[Provided material]
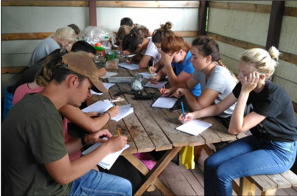
Идет лекция ...
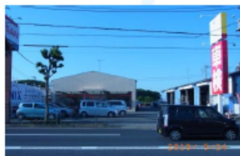
■コバック青梅店 東京都青梅市新町9-2203-4
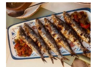
安価で美味しいイワシ

血糖値を比べると、35%群は15%群より低く、45%群は15%群と差がありませんでした。少ないタンパク質摂取を穀物などから補うための多食が肝臓や血糖値に悪影響を及ぼしていると言えます。アフリカなどの貧しい国の多くがタンパク質を穀物に依存しているのと同様の現象です。肝臓の中性脂肪や血糖値から見て25~35%の食事が健康的と言えそうです。魚・鶏卵・大豆などのタンパク質を積極的にとりましょう。
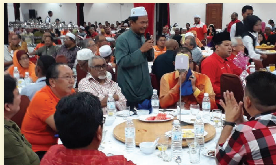
Seorang hadirin bertanyakan soalan pada sesi soal jawab.
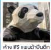
ห้าง IFS แพนด้าปิ่นตึก

[Assigned task]
What the records say must be written out exactly, with none of their pictures.

[Your solution]
Идет лекция ...
■コバック青梅店 東京都青梅市新町9-2203-4
安価で美味しいイワシ

血糖値を比べると、35%群は15%群より低く、45%群は15%群と差がありませんでした。少ないタンパク質摂取を穀物などから補うための多食が肝臓や血糖値に悪影響を及ぼしていると言えます。アフリカなどの貧しい国の多くがタンパク質を穀物に依存しているのと同様の現象です。肝臓の中性脂肪や血糖値から見て25~35%の食事が健康的と言えそうです。魚・鶏卵・大豆などのタンパク質を積極的にとりましょう。
Seorang hadirin bertanyakan soalan pada sesi soal jawab.
ห้าง IFS แพนด้าปิ่นตึก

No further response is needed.